1. agentsh on OC scores 100/100 on agentsh detect — but the score is partly cosmetic

Full breakdown:

FILE PROTECTION       25/25  fuse ✓  landlock ✓ (ABI v5)  seccomp-notify ✓
COMMAND CONTROL       25/25  seccomp-execve ✓  ptrace ✓
NETWORK               20/20  ebpf ✗  landlock-network ✓
RESOURCE LIMITS       15/15  cgroups-v2 ✓ (nested, delegated)
ISOLATION             15/15  capability-drop ✓ (41/41)  pid-namespace ✗

The headline win vs. E2B (which scored 85/100) is cgroups-v2 — OC delegates a writable cgroup subtree, while E2B doesn't. That accounts for +15 points.

Caveats:

  • cgroups-v2 ✓ reports a delegated cgroup, but agentsh's per-session mkdir /sys/fs/cgroup/agentsh-session-... fails with permission denied. So per-command resource isolation isn't actually working — the cgroups score reflects "feature available" not "feature applied."
  • ebpf ✗: OC does not grant CAP_BPF/CAP_SYS_ADMIN. The NETWORK category still scores 20/20 because landlock-network covers it, but eBPF-based enforcement is unavailable.
  • pid-namespace ✗: host PID namespace. capability-drop carries the ISOLATION category; PID isolation is not enforced.

2. Runtime command/network enforcement does not engage on OC

This is the substantive gap. agentsh has TWO non-shim enforcement paths it can use — and both have issues on OC.

a. Shell shim path (default)

  • During build, agentsh shim install-shell replaces /bin/bash with a static shim binary.
  • At runtime, every shell-spawned command goes through /bin/bash → shim → agentsh policy → real bash.

This works on E2B because E2B's exec API invokes /bin/bash. On OC it doesn't:

Path Result on OC
sbx.exec.run('sudo whoami') Returns root, exit 0. Shim never fires — OC daemon execs sudo directly.
sbx.exec.run('curl https://evil.com/') Returns 200. Network policy bypassed.
sbx.exec.run('/bin/bash -c "sudo whoami"') (with AGENTSH_SHIM_FORCE=1) Blocked with rule=shellc-opaque-script exit 126. But this rule blocks ALL /bin/bash -c invocations, not just denied ones — so allowed commands also fail. Not a usable enforcement path.
agentsh /api/v1/sessions/.../exec (session API) agentsh-unixwrap exec.LookPath cannot find bare command names: exec "echo": executable file not found in $PATH. Absolute paths trip landlock-execve with permission denied. Server returns empty for /usr/bin/echo. Side-event: cgroup_apply_failed: mkdir /sys/fs/cgroup/...: permission denied on every command.

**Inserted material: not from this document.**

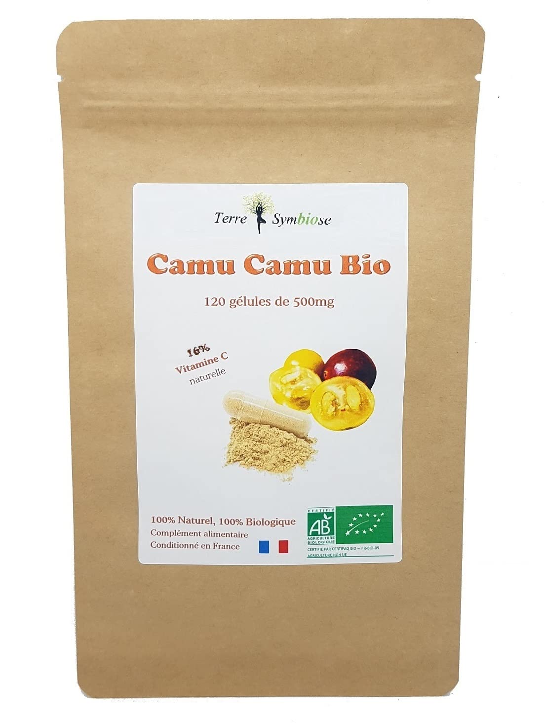 : Organic Camu Camu, 16 Natural Vitamin C Content, Additive-Free, 100 Natural. Features: Pack of 120 capsules, Total net weight 73.2g. Composition: 500mg Vegan Vegetable Capsule of concentrated 30:1 Organic Camu Camu Powder (Myrciaria dubio), including 84mg of natural Vitamin C. Origin: Peru – . Product of non-EU organic farming. Certified by FR-BIO-09. Packaged in France in our workshop. What is CAMU CAMU? Camu Camu is a small fruit harvested in the Peruvian . Light orange in color and about the size of a cherry, it naturally contains a high amount of Vitamin C. Once harvested, it provides more than 2700mg of Vitamin C per 100g of fruit. Its Vitamin C content is higher than that of acerola or any other fruit. The concentration process at less than 45 C increases the concentration of the beneficial properties of this fruit by a factor of 30, thus raising the vitamin content to 16 of the finished product. What are its properties? Compared to an orange, this fruit contains on average: 40 times more Vitamin C, 10 times more Iron, 3 times more Niacin, 2 times more Riboflavin (Vitamin B2), and 50 more Phosphorus. It also contains: Potassium, Calcium, Zinc, Bitter substances, Amino acids (valine, leucine, and serine), and Essential oils such as limonene and pinene. Good to know: Camu Camu is a superfood has no toxic effects has no side effects when consumed within the recommended dosage can be eaten like any other food and is a powerful natural antioxidant, anti-inflammatory, and antimicrobial. Camu Camu is the best natural source of Vitamin C. Ingredients: Food supplement, 500mg vegan vegetable capsule of concentrated 30:1 organic Camu Camu powder (Myrciaria dubio), including 84mg of natural Vitamin C. Origin: Peru – . P.when('A').execute(function(A) { A.on('a:expander:toggle_description:toggle:collapse', function(data) { window.scroll(0, data.expander. expander[0].offsetTop-100) }) }) Directions: 1 capsule daily with breakfast. Safety Warning: Before use, consult your doctor if you have a medical condition, are pregnant, or breastfeeding, or if you experience any adverse reactions. store in a cool, dark, and dry place. This food supplement should not be used as a substitute for a varied diet. Not recommended for children. Do not exceed the recommended dose. Keep out of reach of young children. See moreNatural Vitamin C. SUPERFOOD. 100 Organic Camu Camu.Description du produit Camu Camu Biologique Teneur naturelle de 16 Vitamine C Sans additif, 100 Naturel Caractéristiques : Sachet de 120 gélules, Poids net total 73.2g. Composition : Gélule végétale Vegan de 500mg de Poudre Camu Camu Bio Myrciaria dubio concentrée 30:1 dont 84 mg de Vitamine C naturelle. Origine Pérou – ie. Produit issu de l'agriculture biologique non-UE. Certifié par FR-BIO-09. Conditionné en France dans notre atelier. Qu'est-ce-que le CAMU CAMU ? Le Camu Camu est un petit fruit qui se récolte en ie Péruvienne. De couleur orange clair, et de la taille d'une cerise, il contient naturellement une grande quantité de vitamine C. Une fois récolté, il fournit plus de 2700 mg de Vitamine C pour 100gr de fruit. Sa teneur en vitamine C est supérieure à celle de l'acérola ou de tout autre fruit. Le procédé de concentration à moins de 45 C, permet d'augmenter la concentration des biens faits de ce fruit à 30 fois, montant ainsi la teneur en vitamine à 16 du produit fini. Quelles sont ses propriétés ? Comparé à une Orange, ce fruit contient en moyenne : 40 fois plus de Vitamine C 10 fois plus de Fer 3 fois plus de Niacine 2 fois plus de Riboflavine (Vitamine B2) 50 de plus de Phosphore Mais aussi, du : Potassium Calcium Zinc Substances amères Acides aminés (valine, leucine et serine) Huiles essentielles comme le limonène et le pinène Bon à savoir : Le CAMU CAMU est un SUPERFOOD n'a aucun effet toxique n'a aucun effet secondaire dans la limite des doses recommandées peut être consommé comme n'importe quel autre aliment est un puissant Antioxydant, Anti-inflammatoire, Anti-microbien naturel Le Camu Camu est la meilleure source naturelle de vitamine C. Ingrédients Complément aliment, Gélule végétale Vegan de 500mg de Poudre Camu Camu Bio Myrciaria dubio concentrée 30:1 dont 84 mg de Vitamine C naturelle. Origine Pérou – ie. P.when('A').execute(function(A) { A.on('a:expander:toggle_description:toggle:collapse', function(data) { window.scroll(0, data.expander. expander[0].offsetTop-100) }) }) Mode d'emploi 1 gélule par jour au petit déjeuner. Avertissement De Sûreté Avant sa consommation, parlez-en à votre médecin si vous avez un problème de santé, êtes enceinte, ou allaitez ou si vous avez des réactions indésirables. A conserver dans un endroit frais, sombre et sec. Ce complément alimentaire ne doit pas être utilisé pour remplacer un régime varié. Déconseillé aux enfants. Ne pas dépasser la dose recommandée. Tenir hors de portée des jeunes enfants. Voir plusVitamine c naturelle. SUPERFOOD. 100 Camu Camu Biologique.Camu Camu Bio - 120 gélules de 500mg

b. ptrace path (the natural fix — but unimplemented for the case we need)

agentsh has a ptrace-based enforcement path for hosts where the shim isn't in the command path. This is what E2B ALSO uses (see e2b-agentsh/config.yaml's ptrace.enabled: true block). It works by ptrace-attaching to processes and intercepting execve/connect/bind syscalls at the kernel level — independent of any shell.

agentsh supports two attach modes:

  • attach_mode: "children" — attaches to processes spawned as children of the agentsh server. Works on E2B because the e2b-orchestrator routes commands through paths that descend from agentsh's process tree.
  • attach_mode: "pid" with target_pid: N — attaches to a specific PID and uses PTRACE_O_TRACEFORK to catch all its descendants. Documented in internal/config/ptrace.go.

On OC, "children" mode is empty because:

PID 1: osb-agent (the OC daemon) — spawns ALL commands from sbx.exec.run
  └── PID 739: agentsh server — has NO children spawned via the SDK

sbx.exec.run commands become children of osb-agent (PID 1), not children of agentsh. So attach_mode: "children" sees nothing.

attach_mode: "pid" with target_pid: 1 would work — agentsh would attach to osb-agent and catch every command via TRACEFORK. Plus Yama ptrace_scope=1 is no obstacle if agentsh runs as root (CAP_SYS_PTRACE bypasses Yama).

But: attach_mode: "pid" is parsed and validated, and the agentsh server logs ptrace tracer started attach_mode=pid — yet tr.AttachPID(targetPID) is never called. Reading internal/api/app_ptrace_linux.go:initPtraceTracer():

go func() { tr.Run(ctx) }()  // Tracer starts...
slog.Info("ptrace tracer started", "attach_mode", cfg.AttachMode)
// ↑ The function returns here. cfg.TargetPID was parsed from YAML
// but the tracer is never told to attach to it.

AttachPID is invoked from exec_ptrace_linux.go:48 and wrap_linux.go:316 — both during agentsh's own command-wrap path. Neither fires from the attach_mode: "pid" config. Tests that exercise pid-mode attach (internal/ptrace/integration_test.go:1098, 1158, ...) call tr.AttachPID(pid) manually from test code.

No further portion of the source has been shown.